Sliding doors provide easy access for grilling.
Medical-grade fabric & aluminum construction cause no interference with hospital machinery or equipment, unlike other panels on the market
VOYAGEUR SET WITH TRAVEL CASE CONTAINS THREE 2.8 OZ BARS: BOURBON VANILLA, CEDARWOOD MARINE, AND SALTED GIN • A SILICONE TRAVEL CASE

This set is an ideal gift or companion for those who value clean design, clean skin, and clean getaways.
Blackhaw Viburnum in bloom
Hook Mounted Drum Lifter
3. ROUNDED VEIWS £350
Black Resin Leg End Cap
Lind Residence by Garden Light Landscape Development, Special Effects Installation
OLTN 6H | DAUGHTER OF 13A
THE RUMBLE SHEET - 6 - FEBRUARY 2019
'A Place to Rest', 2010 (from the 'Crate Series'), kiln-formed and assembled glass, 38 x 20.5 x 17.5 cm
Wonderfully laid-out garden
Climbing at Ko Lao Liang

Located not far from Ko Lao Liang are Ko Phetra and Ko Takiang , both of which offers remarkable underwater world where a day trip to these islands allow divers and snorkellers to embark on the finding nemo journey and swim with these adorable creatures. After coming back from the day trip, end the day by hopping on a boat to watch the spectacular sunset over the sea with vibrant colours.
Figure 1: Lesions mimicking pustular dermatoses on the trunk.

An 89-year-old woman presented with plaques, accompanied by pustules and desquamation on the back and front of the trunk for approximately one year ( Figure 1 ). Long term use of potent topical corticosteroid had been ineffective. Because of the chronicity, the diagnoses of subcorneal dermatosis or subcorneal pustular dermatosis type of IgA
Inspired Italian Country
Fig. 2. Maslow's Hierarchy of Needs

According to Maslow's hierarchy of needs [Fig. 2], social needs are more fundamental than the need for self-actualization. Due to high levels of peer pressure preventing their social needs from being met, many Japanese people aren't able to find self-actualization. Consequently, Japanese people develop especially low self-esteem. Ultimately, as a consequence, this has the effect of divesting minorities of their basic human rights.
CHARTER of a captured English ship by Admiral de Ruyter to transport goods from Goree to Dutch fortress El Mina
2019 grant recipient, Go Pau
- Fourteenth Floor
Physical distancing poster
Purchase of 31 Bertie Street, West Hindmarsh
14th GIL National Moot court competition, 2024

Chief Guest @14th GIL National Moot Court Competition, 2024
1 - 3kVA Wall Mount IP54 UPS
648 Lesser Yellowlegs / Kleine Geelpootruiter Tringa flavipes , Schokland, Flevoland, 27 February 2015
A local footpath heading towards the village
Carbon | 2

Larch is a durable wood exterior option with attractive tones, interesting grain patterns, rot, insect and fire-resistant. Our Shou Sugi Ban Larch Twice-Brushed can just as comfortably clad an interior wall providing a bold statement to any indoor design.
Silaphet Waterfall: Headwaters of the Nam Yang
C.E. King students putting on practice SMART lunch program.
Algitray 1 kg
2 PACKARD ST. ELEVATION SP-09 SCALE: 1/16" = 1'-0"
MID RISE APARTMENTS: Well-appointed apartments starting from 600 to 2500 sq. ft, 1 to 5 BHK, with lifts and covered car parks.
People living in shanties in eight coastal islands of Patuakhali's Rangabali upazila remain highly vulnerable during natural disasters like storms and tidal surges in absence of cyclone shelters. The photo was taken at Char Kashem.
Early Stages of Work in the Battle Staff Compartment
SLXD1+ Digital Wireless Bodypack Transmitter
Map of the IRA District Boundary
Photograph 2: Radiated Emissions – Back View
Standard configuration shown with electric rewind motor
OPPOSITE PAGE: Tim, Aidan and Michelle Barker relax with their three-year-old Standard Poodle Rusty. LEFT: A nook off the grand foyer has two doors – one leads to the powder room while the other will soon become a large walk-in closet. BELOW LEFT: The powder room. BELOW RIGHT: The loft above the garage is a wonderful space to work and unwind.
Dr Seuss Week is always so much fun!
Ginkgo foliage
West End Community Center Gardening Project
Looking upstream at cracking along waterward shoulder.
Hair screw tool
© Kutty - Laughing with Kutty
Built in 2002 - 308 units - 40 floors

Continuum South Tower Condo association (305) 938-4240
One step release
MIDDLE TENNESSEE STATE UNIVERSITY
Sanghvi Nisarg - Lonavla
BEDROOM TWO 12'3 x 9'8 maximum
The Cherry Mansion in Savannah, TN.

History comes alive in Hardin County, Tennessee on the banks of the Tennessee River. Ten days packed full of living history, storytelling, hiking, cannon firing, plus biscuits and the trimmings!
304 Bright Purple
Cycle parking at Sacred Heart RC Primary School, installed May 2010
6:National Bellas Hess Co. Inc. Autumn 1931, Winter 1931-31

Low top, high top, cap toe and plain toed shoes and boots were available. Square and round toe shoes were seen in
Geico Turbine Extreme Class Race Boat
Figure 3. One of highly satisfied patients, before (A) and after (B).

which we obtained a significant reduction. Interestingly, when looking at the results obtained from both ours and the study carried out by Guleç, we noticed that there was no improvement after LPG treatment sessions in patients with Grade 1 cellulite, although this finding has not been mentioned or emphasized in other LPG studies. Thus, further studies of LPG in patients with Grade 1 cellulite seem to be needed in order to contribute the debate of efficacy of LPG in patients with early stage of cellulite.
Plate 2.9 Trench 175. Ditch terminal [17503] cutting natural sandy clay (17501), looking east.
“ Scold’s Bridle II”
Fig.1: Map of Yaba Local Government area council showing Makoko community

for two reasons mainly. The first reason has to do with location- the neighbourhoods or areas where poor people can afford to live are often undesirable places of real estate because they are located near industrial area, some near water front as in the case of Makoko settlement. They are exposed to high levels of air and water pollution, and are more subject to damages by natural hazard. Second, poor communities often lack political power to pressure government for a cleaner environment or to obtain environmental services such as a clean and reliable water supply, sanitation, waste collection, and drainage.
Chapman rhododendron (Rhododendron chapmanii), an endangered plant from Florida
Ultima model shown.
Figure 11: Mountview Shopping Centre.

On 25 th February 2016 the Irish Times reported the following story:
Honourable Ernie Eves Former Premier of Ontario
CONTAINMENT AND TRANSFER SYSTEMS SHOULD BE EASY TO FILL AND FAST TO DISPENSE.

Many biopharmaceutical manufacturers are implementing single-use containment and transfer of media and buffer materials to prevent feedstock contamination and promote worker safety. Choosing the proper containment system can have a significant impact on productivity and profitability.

--------------------------------

■ Task goal
Whatever else the listing above holds, retype exactly only the lines from the one containing "Sanghvi Nisarg - Lonavla" to the one containing "304 Bright Purple", both ends kept.

■ Answer box
Sanghvi Nisarg - Lonavla
BEDROOM TWO 12'3 x 9'8 maximum
The Cherry Mansion in Savannah, TN.

History comes alive in Hardin County, Tennessee on the banks of the Tennessee River. Ten days packed full of living history, storytelling, hiking, cannon firing, plus biscuits and the trimmings!
304 Bright Purple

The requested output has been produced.